When I started blogging about the house, it was just that, about the house, us figuring out farming and life on a farm. I'd wanted to blog more in the last year, but just didn't make the time. All free time went to working on the house, not talking about it. As time continues, there will still be some of that. But there will probably be some cathartic release of emotion too. As I sat here finishing this post, the tears were free flowing and my nose blowing. So much of who I am was defined by Ghon and who we were, that I'm not sure who I am. I've actually struggled with that for a bit, and will have to figure that out. Writing seems to help, so perhaps some, I will share.
There is so much I want to do to continue and honor Ghon, to fulfill some of his dreams and wishes, and create a legacy so that no one ever forgets him. There is so much to do at the house. I hate moving, but I want to be completely moved in. I'm trying to focus on the kids and trying not to forget about me. I want immediate results. But that doesn't happen. I keep hearing things take time, but when you lose such an important part of your life so quickly, without warning, and realize - for real - that tomorrow is never a given, time - well, time, it takes on a new perspective. I can't take time for granted. I want it all done and done now - but life doesn't happen that way. So I'll make a million lists that don't get finished and will stay up too late trying to make them get done. And I will only ask for help when absolutely necessary because I'm hard headed and want to show myself I can do it.
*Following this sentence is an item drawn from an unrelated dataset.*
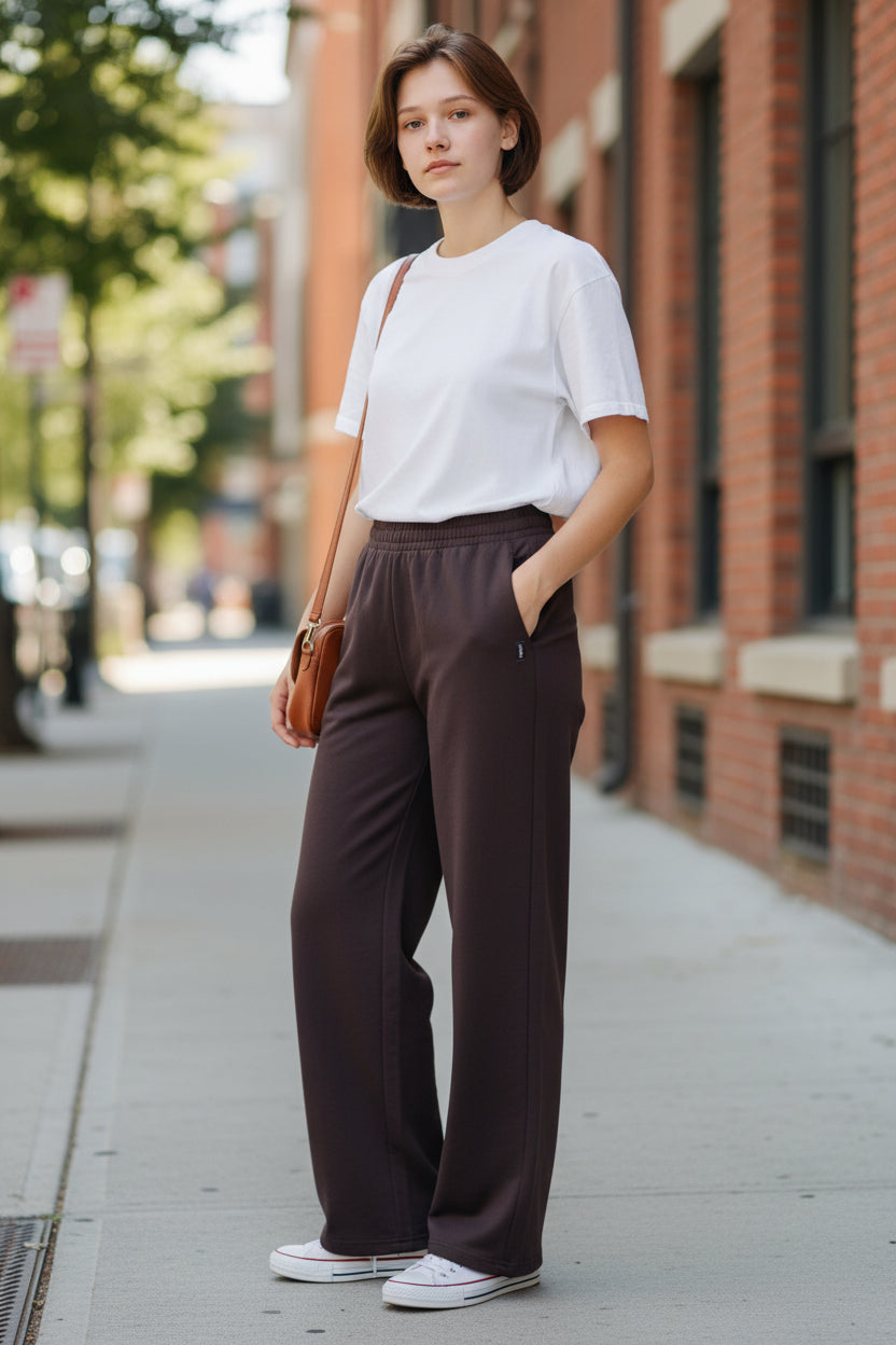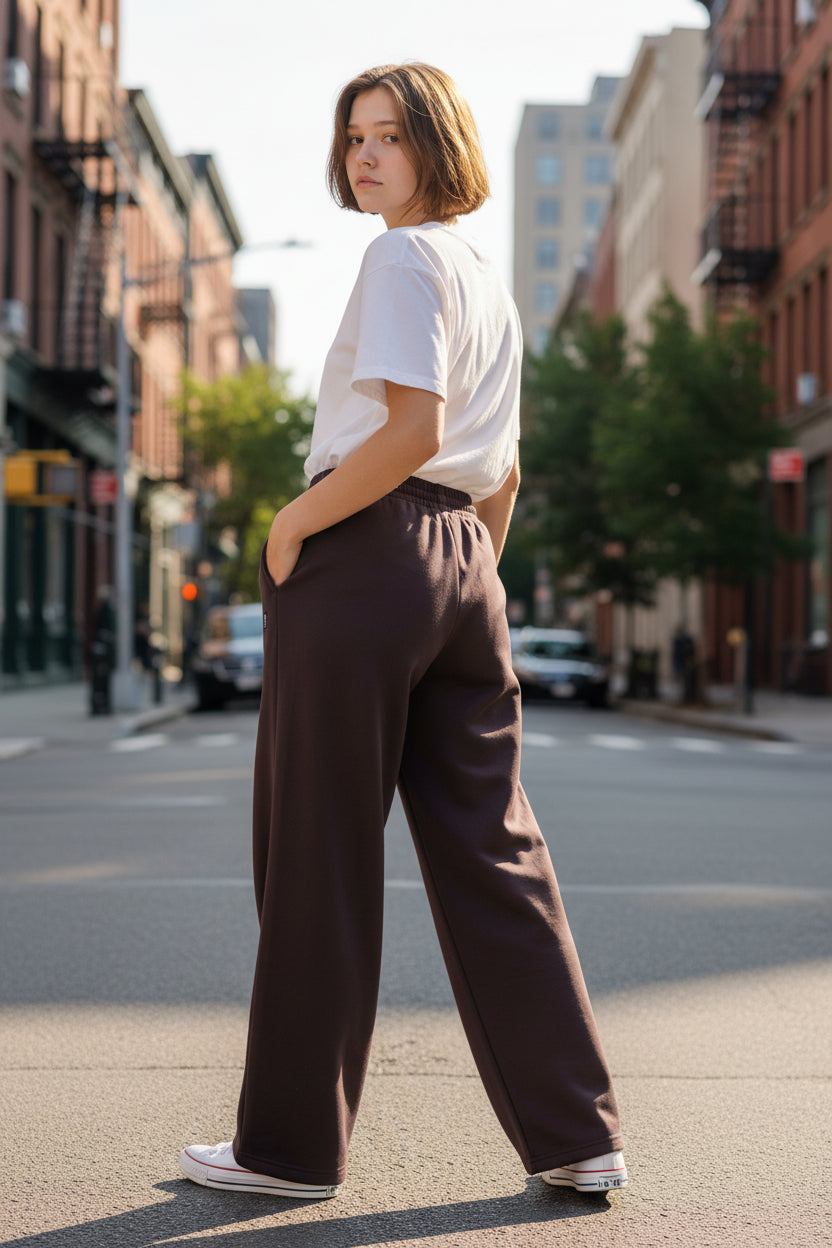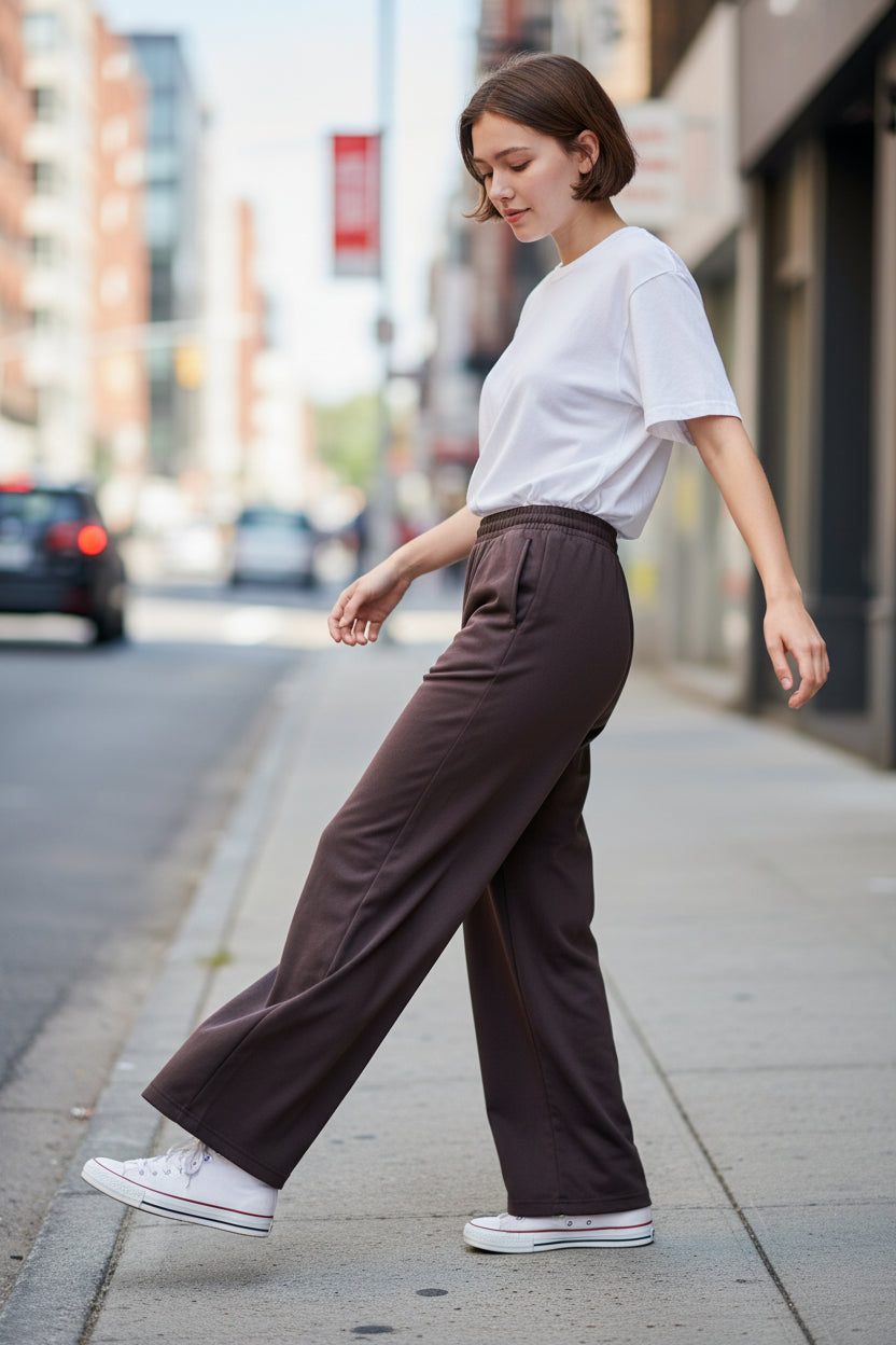 Su pretina ancha entrega ajuste cómodo y favorecedor, mientras su diseño amplio en pierna lo convierte en una prenda versátil para relajarte o salir con un look moderno y consciente.

Or, I'll wake up from this bizarre dream, and have Ghon here with me, swinging on our front porch swing hand in hand like we planned. But that won't happen.
And I can't exhaust myself much more.
So bear with me. I'm staying positive. I'm doing stuff. I'm giving back to others. But I know I'm still not operating at full speed. All cylinders are not firing. I feel so scatter brained, and I hate it. But I'll get there. Sooner or later. I need to. The kids need me to. Ghon wants me to.
Sooner or later. Because I have nothing but time and time has nothing but me.